**EXTRACTED RECORDS:**
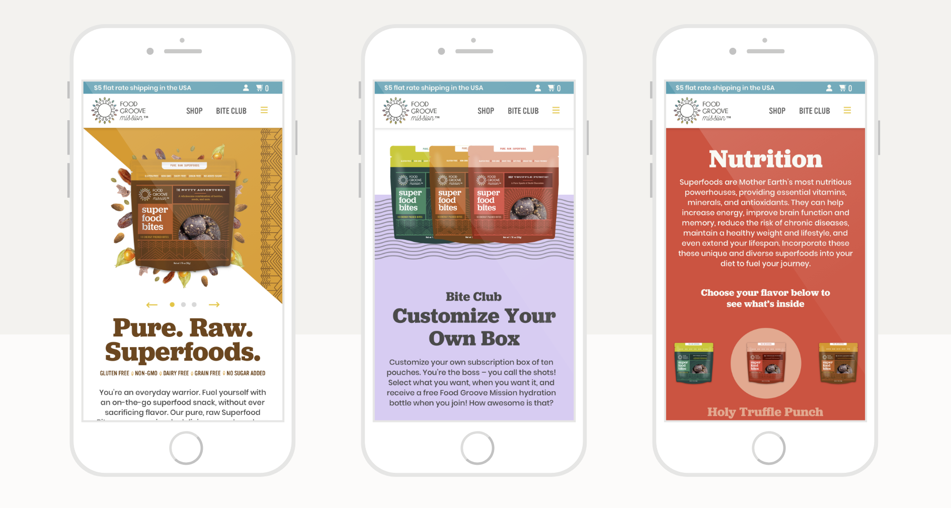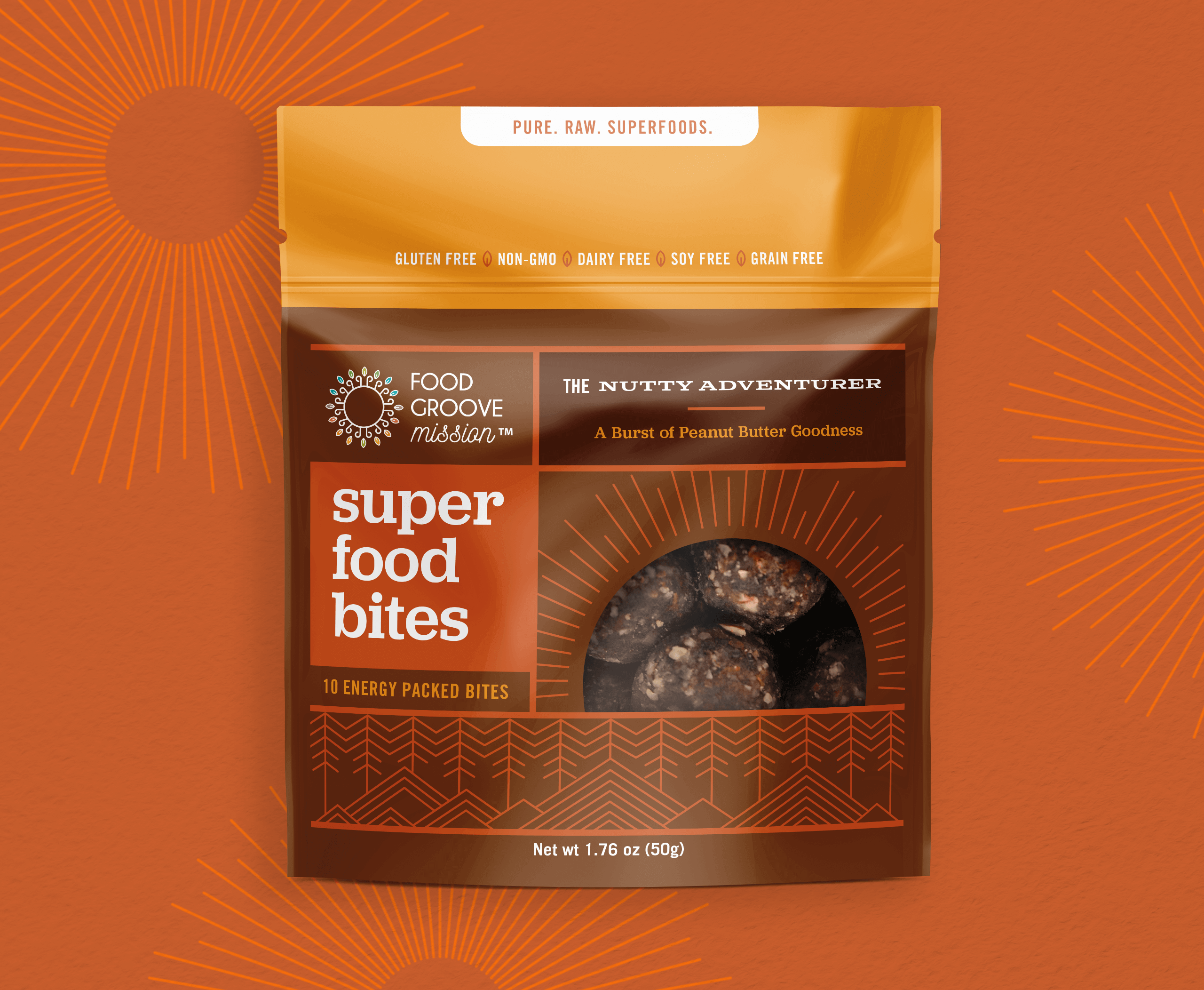 The packaging of Food Groove Mission’s healthy snacks features a range of fonts. Jubilat takes the leading role: Its Semibold is the trustworthy voice chosen for the product line’s name (“Superfood Bites”, in all lowercase). The slab serif with the large x-height and the efficient spacing is also used for providing the flavor information (e.g. “A Pure Spark of Dark Chocolate”).
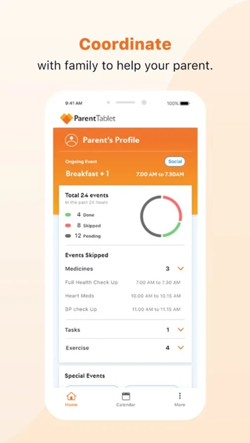 ParentTab Family provides families with the ability to share a calendar, allowing them to keep a track of important events and assist in the coordination or arrange support for seniors in the family. Family coordination to help an elder relative/parent has never been easier.
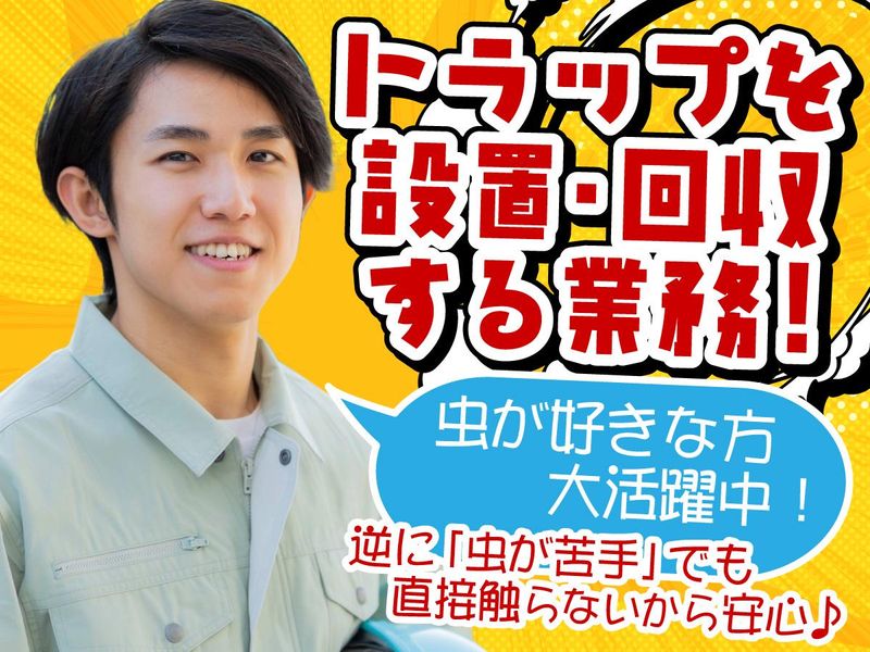 仕事内容 \ 害虫退治の専門家! / \ 虫を見ることなく駆除完了 / \ 未経験歓迎 / 食品工場やスーパーなどに設置された 「害虫トラップ」を 回収・交換・点検するお仕事 害虫の特性を学んで自宅の害虫発生も低減? ==================== \虫が苦手でも大丈夫!/ トラップは中身が見えない構造なので、 虫を直接見ることはありません! もちろん触ることもありません! ==================== \事務所リニューアルオープンで増員募集/ \AIも景気も無関係で業績好調/ 【具体的な仕事内容】 ・害虫駆除のトラップの仕掛け・回収・交換 ・衛生管理者や管理人への設置報告 ・簡単な書類作成など ▶取引先;千葉県エリア周辺 ✅現場により直行直帰もOK! ✅マイカー・自転車通勤OK! └社用車(軽自動車・バン)で現場を回ります └決まった手順・ルートに沿って対応。 …………………………………………………… ▶【アピールポイント♪】  ̄ ̄ ̄ ̄ ̄ ̄ ̄ ̄ ̄ ̄ ̄ ̄ ̄ ̄ ̄ ✅無資格OK!未経験大歓迎! ✅先輩の同行・マニュアルあり ✅年間休日110日・有給連休もOK ✅有給休暇の連休申請もOK! ✅入社祝い金10万円支給! ==================== 直接の虫退治はありません! 虫嫌いのスタッフが活躍中!? ==================== 回収・交換がメインのお仕事なので、 車の運転ができれば早くも50%の仕事が できています! ▶先輩Aの声 「実は自分も虫が苦手なんですけど、トラップは中が見えない構造なので、無理なく働けています。気がつけば、入社してもう15年です」 ▶先輩Bの声 「今まで飲食店で働いていて虫に困ってたところに、害虫業者がきて駆除してくれて、すごく助かったことがあたんです。今度は自分が、その助ける側に回ってみたいと思って、害虫駆除業界に入ったんです」 ▶先輩Cの声 「私は、逆に子どものころから虫が好きで。その中で害虫の特性と対策に興味が湧いて入社しました」 ==================== マニュアル・先輩のサポートで 未経験でも安心! ==================== ✅未経験でも安心してスタート! ▶トラップの設置はマニュアル完備! 入社後は先輩が現場に同行します。 分からないことは、 すぐに相談できる環境で 仕事の流れをしっかりと把握できます! ✅20代~30代の若手中心に活躍中! 今よりも安定した環境で働きたい… 役立つスキルを身に着けたい…等の理由で 異業種から転職した先輩が 今ではチームリーダーとして活躍中! 0からのスタートでも、スキルを増やして 確実にステップアップできる環境です! ==================== 『生活に欠かせない仕事だから、 待遇も安定も強いです。』 ==================== 食品・物流・スーパー・商業施設など、 衛生管理が求められる施設は 景気に関係なく一定の需要があります。 人の暮らしの“清潔と安全”を 守る仕事だからこそ 景気の波やAI化の影響も受けにくく、 長く続けられる仕事です。 ==================== 経済的サポートも充実しています! ==================== 将来の為貯金をそろそろしていきたい… 家族のためにお金が必要…等 金銭的な悩みは人それぞれ…! そんなお悩みにも当社は寄り添います! ■入社祝い金10万円支給! ■昇給年1回 ■賞与年2回 ■決算賞与あり(業績あり)等 経済的なサポートも充実! さらに、資格手当や役職手当など 個人の頑張りが給与に直接反映されるので モチベーション高く働けます!!
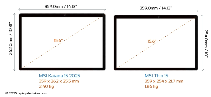 USBBoth Katana 15 2025 and Thin 15 feature 3x USB 3.2 USB-A ports.Both Katana 15 2025 and Thin 15 feature 1x USB 3.2 USB Type-C ports.
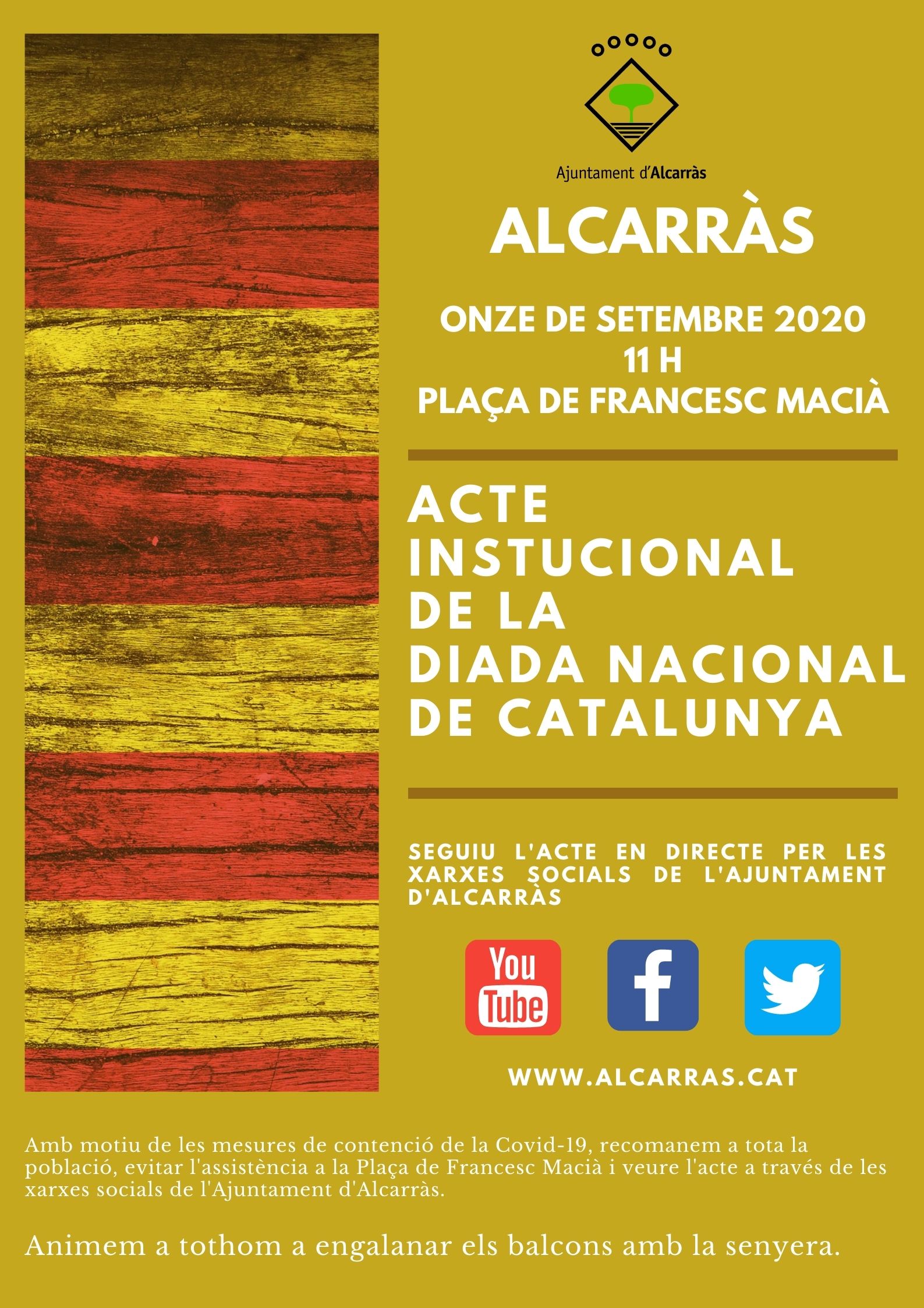 Degut a les mesures de seguretat no hi haurà públic i l'acte es retransmetrà en streaming |
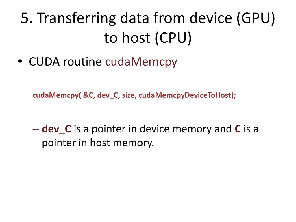 5. Transferring data from device (GPU) to host (CPU) • CUDA routine cudaMemcpy cudaMemcpy( &C, dev_C, size, cudaMemcpyDeviceToHost); • dev_Cis a pointer in device memory and C is a pointer in host memory.
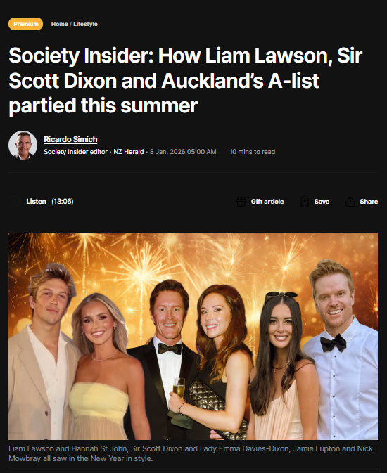 On January 8, 2026, the New Zealand Herald published two pieces of propaganda masquerading as journalism. The first, by Society Insider editor Ricardo Simich, fawned over how “Kiwi A-listers and the super-rich” celebrated New Year’s Eve, detailing Sir Scott Dixon’s knighthood party on Waiheke Island, billionaire Nick Mowbray’s private jets, and American tech multi-billionaire Matthew Prince’s $5.5 billion fortune. The second, a 16-minute “Lunch with...” profile by Editor-at-Large Shayne Currie, humanized Anna Mowbray—part of New Zealand’s richest family worth $20 billion—through tales of confiscating her child’s $50 tennis racquet while living in a $24 million waterfront mansion.
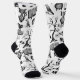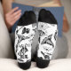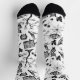 These fun and spooky Halloween socks, hand-drawn Halloween illustrations in black ink, feature an assortment of Halloween-themed drawings, including a pumpkin, witch's hat, a broom, a bubbling cauldron, an enigmatic black cat, an ancient spell book, spiders and their intricate webs, an old spooky oak tree, a vintage bird cage, a raven, and gothic flowers.

**AIM OF THE TASK:** The whole listing should be reproduced exactly. Images don't go in.

**FINAL ANSWER:**
 The packaging of Food Groove Mission’s healthy snacks features a range of fonts. Jubilat takes the leading role: Its Semibold is the trustworthy voice chosen for the product line’s name (“Superfood Bites”, in all lowercase). The slab serif with the large x-height and the efficient spacing is also used for providing the flavor information (e.g. “A Pure Spark of Dark Chocolate”).
 ParentTab Family provides families with the ability to share a calendar, allowing them to keep a track of important events and assist in the coordination or arrange support for seniors in the family. Family coordination to help an elder relative/parent has never been easier.
 仕事内容 \ 害虫退治の専門家! / \ 虫を見ることなく駆除完了 / \ 未経験歓迎 / 食品工場やスーパーなどに設置された 「害虫トラップ」を 回収・交換・点検するお仕事 害虫の特性を学んで自宅の害虫発生も低減? ==================== \虫が苦手でも大丈夫!/ トラップは中身が見えない構造なので、 虫を直接見ることはありません! もちろん触ることもありません! ==================== \事務所リニューアルオープンで増員募集/ \AIも景気も無関係で業績好調/ 【具体的な仕事内容】 ・害虫駆除のトラップの仕掛け・回収・交換 ・衛生管理者や管理人への設置報告 ・簡単な書類作成など ▶取引先;千葉県エリア周辺 ✅現場により直行直帰もOK! ✅マイカー・自転車通勤OK! └社用車(軽自動車・バン)で現場を回ります └決まった手順・ルートに沿って対応。 …………………………………………………… ▶【アピールポイント♪】  ̄ ̄ ̄ ̄ ̄ ̄ ̄ ̄ ̄ ̄ ̄ ̄ ̄ ̄ ̄ ✅無資格OK!未経験大歓迎! ✅先輩の同行・マニュアルあり ✅年間休日110日・有給連休もOK ✅有給休暇の連休申請もOK! ✅入社祝い金10万円支給! ==================== 直接の虫退治はありません! 虫嫌いのスタッフが活躍中!? ==================== 回収・交換がメインのお仕事なので、 車の運転ができれば早くも50%の仕事が できています! ▶先輩Aの声 「実は自分も虫が苦手なんですけど、トラップは中が見えない構造なので、無理なく働けています。気がつけば、入社してもう15年です」 ▶先輩Bの声 「今まで飲食店で働いていて虫に困ってたところに、害虫業者がきて駆除してくれて、すごく助かったことがあたんです。今度は自分が、その助ける側に回ってみたいと思って、害虫駆除業界に入ったんです」 ▶先輩Cの声 「私は、逆に子どものころから虫が好きで。その中で害虫の特性と対策に興味が湧いて入社しました」 ==================== マニュアル・先輩のサポートで 未経験でも安心! ==================== ✅未経験でも安心してスタート! ▶トラップの設置はマニュアル完備! 入社後は先輩が現場に同行します。 分からないことは、 すぐに相談できる環境で 仕事の流れをしっかりと把握できます! ✅20代~30代の若手中心に活躍中! 今よりも安定した環境で働きたい… 役立つスキルを身に着けたい…等の理由で 異業種から転職した先輩が 今ではチームリーダーとして活躍中! 0からのスタートでも、スキルを増やして 確実にステップアップできる環境です! ==================== 『生活に欠かせない仕事だから、 待遇も安定も強いです。』 ==================== 食品・物流・スーパー・商業施設など、 衛生管理が求められる施設は 景気に関係なく一定の需要があります。 人の暮らしの“清潔と安全”を 守る仕事だからこそ 景気の波やAI化の影響も受けにくく、 長く続けられる仕事です。 ==================== 経済的サポートも充実しています! ==================== 将来の為貯金をそろそろしていきたい… 家族のためにお金が必要…等 金銭的な悩みは人それぞれ…! そんなお悩みにも当社は寄り添います! ■入社祝い金10万円支給! ■昇給年1回 ■賞与年2回 ■決算賞与あり(業績あり)等 経済的なサポートも充実! さらに、資格手当や役職手当など 個人の頑張りが給与に直接反映されるので モチベーション高く働けます!!
 USBBoth Katana 15 2025 and Thin 15 feature 3x USB 3.2 USB-A ports.Both Katana 15 2025 and Thin 15 feature 1x USB 3.2 USB Type-C ports.
 Degut a les mesures de seguretat no hi haurà públic i l'acte es retransmetrà en streaming |
 5. Transferring data from device (GPU) to host (CPU) • CUDA routine cudaMemcpy cudaMemcpy( &C, dev_C, size, cudaMemcpyDeviceToHost); • dev_Cis a pointer in device memory and C is a pointer in host memory.
 On January 8, 2026, the New Zealand Herald published two pieces of propaganda masquerading as journalism. The first, by Society Insider editor Ricardo Simich, fawned over how “Kiwi A-listers and the super-rich” celebrated New Year’s Eve, detailing Sir Scott Dixon’s knighthood party on Waiheke Island, billionaire Nick Mowbray’s private jets, and American tech multi-billionaire Matthew Prince’s $5.5 billion fortune. The second, a 16-minute “Lunch with...” profile by Editor-at-Large Shayne Currie, humanized Anna Mowbray—part of New Zealand’s richest family worth $20 billion—through tales of confiscating her child’s $50 tennis racquet while living in a $24 million waterfront mansion.
 These fun and spooky Halloween socks, hand-drawn Halloween illustrations in black ink, feature an assortment of Halloween-themed drawings, including a pumpkin, witch's hat, a broom, a bubbling cauldron, an enigmatic black cat, an ancient spell book, spiders and their intricate webs, an old spooky oak tree, a vintage bird cage, a raven, and gothic flowers.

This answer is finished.